- Panaccoine R, et al. Efficacy and Safety of Upadacitinib Maintenance Therapy in Patients with Moderately to Severely Active Ulcerative Colitis: Results from a Randomized Phase 3 Study. LB11, UEG Week 2021 Virtual Congress, 3-5 October.
The oral, selective, reversible JAK inhibitor upadacitinib showed greater efficacy than placebo as an induction therapy for patients with UC in two phase 3 trials (U-ACHIEVE [NCT02819635] and U-ACCOMPLISH [NCT03653026]). The current trial examined the efficacy and safety of upadacitinib as maintenance therapy for patients with moderately to severely active UC1.
Clinical responders of the U-ACHIEVE and U-ACCOMPLISH trials (both 45 mg upadacitinib once daily) were enrolled in the U-ACHIEVE maintenance study (n=451). Subjects were randomised 1:1:1 to 15 mg upadacitinib once daily, 30 mg upadacitinib once daily, or placebo. Primary endpoint was the clinical remission per Adapted Mayo Score at week 52. The results were presented by Dr Remo Panaccoine (University of Calgary, Canada).
A significantly greater proportion of upadacitinib receivers achieved clinical remission at week 52 in comparison with placebo receivers (upadacitinib 15 mg, 42%; upadacitinib 30 mg, 52%; placebo, 12%; P<0.001). In addition, maintenance of clinical remission was observed for 59%, 70%, and 22% of the patients in the 15 mg, 30 mg, and placebo groups respectively. Similar outcomes were reported for maintenance of clinical response, and maintenance of endoscopic remission.

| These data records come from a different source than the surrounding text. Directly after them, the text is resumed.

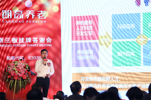 ![]() ▼朗高養(yǎng)老涂家欽董事長(zhǎng)敲響新三板掛牌開(kāi)市寶鐘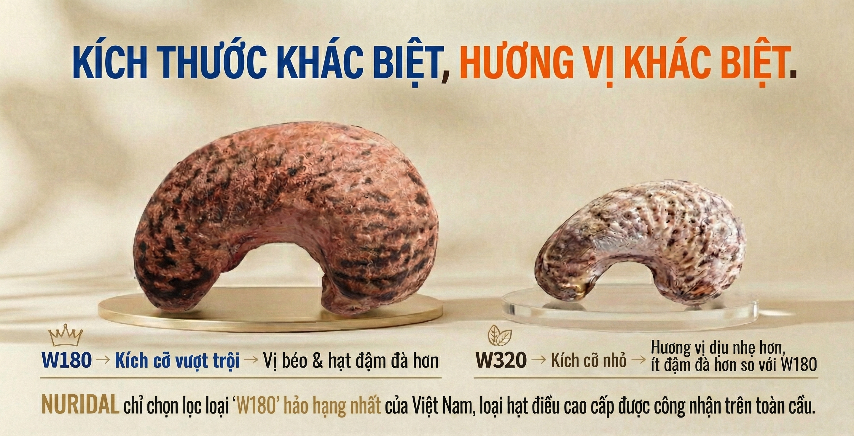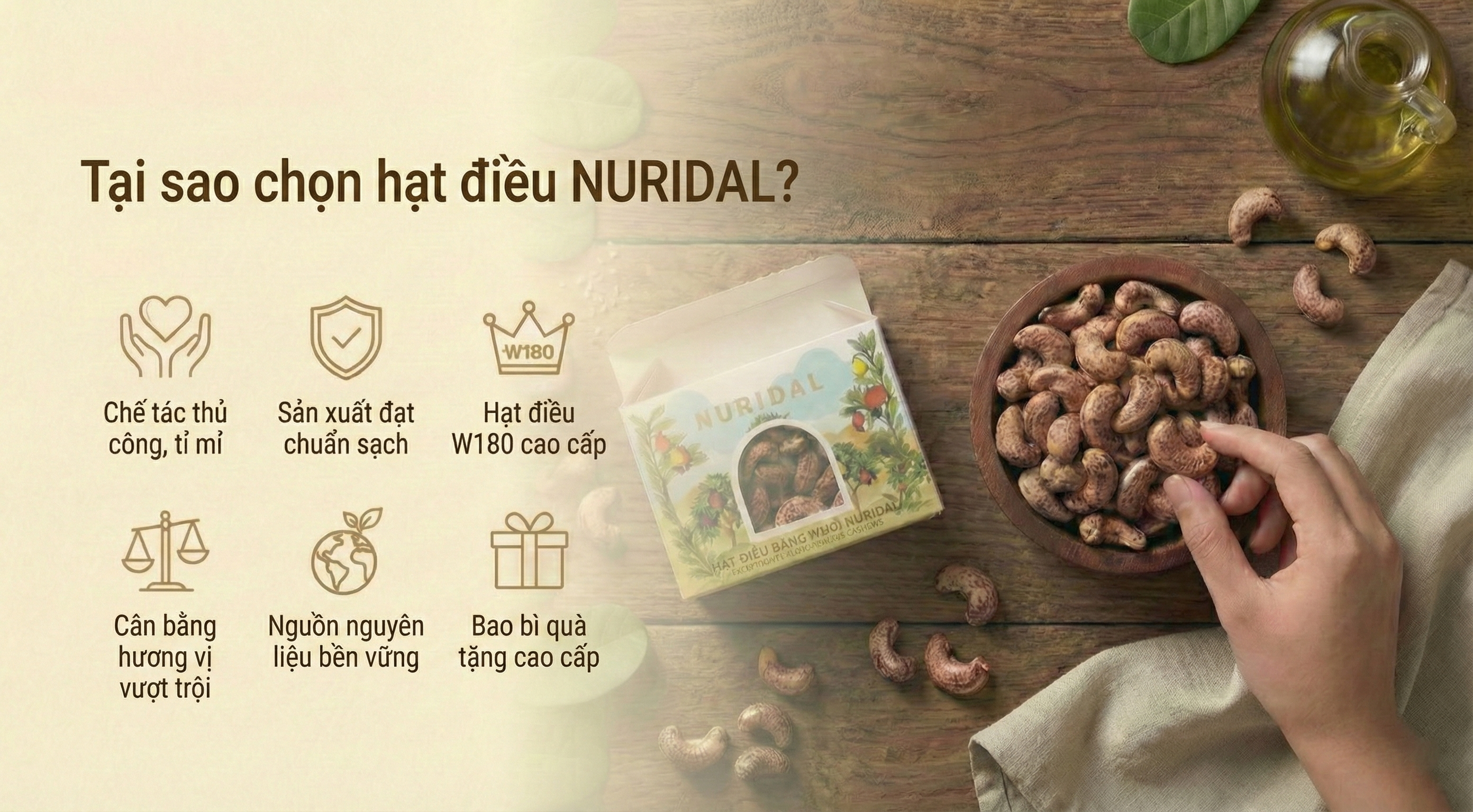 NURIDAL bắt nguồn từ khát vọng chân thành: “Mang hạt điều ngon nhất của Việt Nam lan tỏa khắp thế giới”. Chúng tôi gửi đến bạn những hạt điều được trồng tự nhiên, chọn lọc khéo léo và đóng gói tinh tế.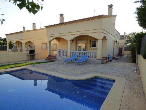 这家度假屋享有池景,为客人提供露台、休息区、卫星频道平板电视、带冰箱和洗碗机的设施齐全的厨房以及带淋浴设施和吹风机的私人浴室。住宿还提供烤箱、微波炉、炉灶和咖啡机。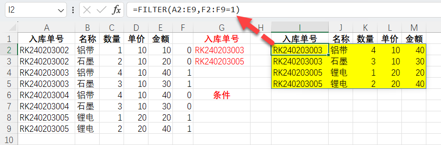 前2天的文章,提到用FILTER函數(shù)可以根據(jù)入庫單號將符合條件的內(nèi)容引用出來。不過這個公式,只能針對1個入庫單號,不允許多個入庫單號。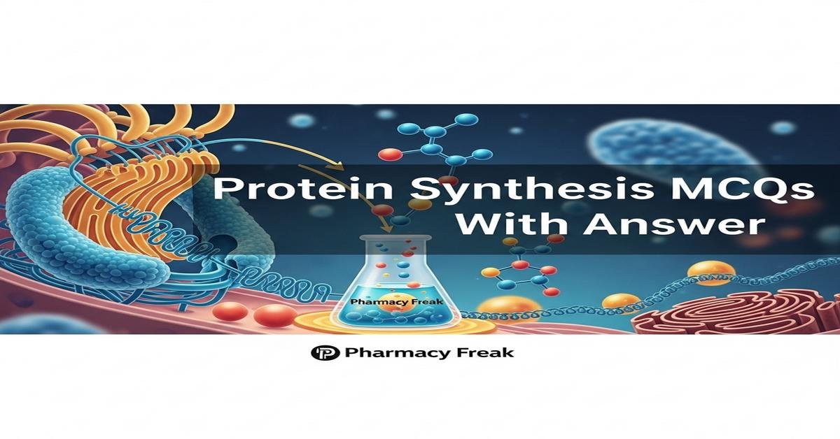 Protein synthesis MCQs With Answer for B. Pharm students provides a concise, exam-focused review of transcription, translation, ribosome structure, and regulation of gene expression. This set covers core concepts such as mRNA processing, tRNA charging, initiation/elongation/termination factors, codon-anticodon pairing, wobble, and post-translational modification with clinical relevance to antibiotics and pharmacological inhibitors. Designed for B. Pharm exam prep and competitive tests, these targeted protein synthesis MCQs emphasize mechanism, prokaryotic versus eukaryotic differences, and drug targets to strengthen both conceptual understanding and application in pharmacy practice. Now let’s test your knowledge with 50 MCQs on this topic.

No new safety issues of upadacitinib emerged in this trial. Adverse events (AEs) were reported in 78.6% (30 mg), 77.7% (15 mg), and 75.8% (placebo) of the patients. Serious AEs were numerically more common in the placebo group (12.8%) than in the experimental conditions (15 mg, 6.8%; 30 mg, 5.8%). The elevation of creatine phosphokinase levels was reported more frequently in upadacitinib receivers, but this did not lead to discontinuations of the trial. Finally, although severe infections were reported more often in the placebo group, herpes zoster infections were exclusively reported in the upadacitinib 15 mg (4.1%) and 30 mg (3.9%) receivers.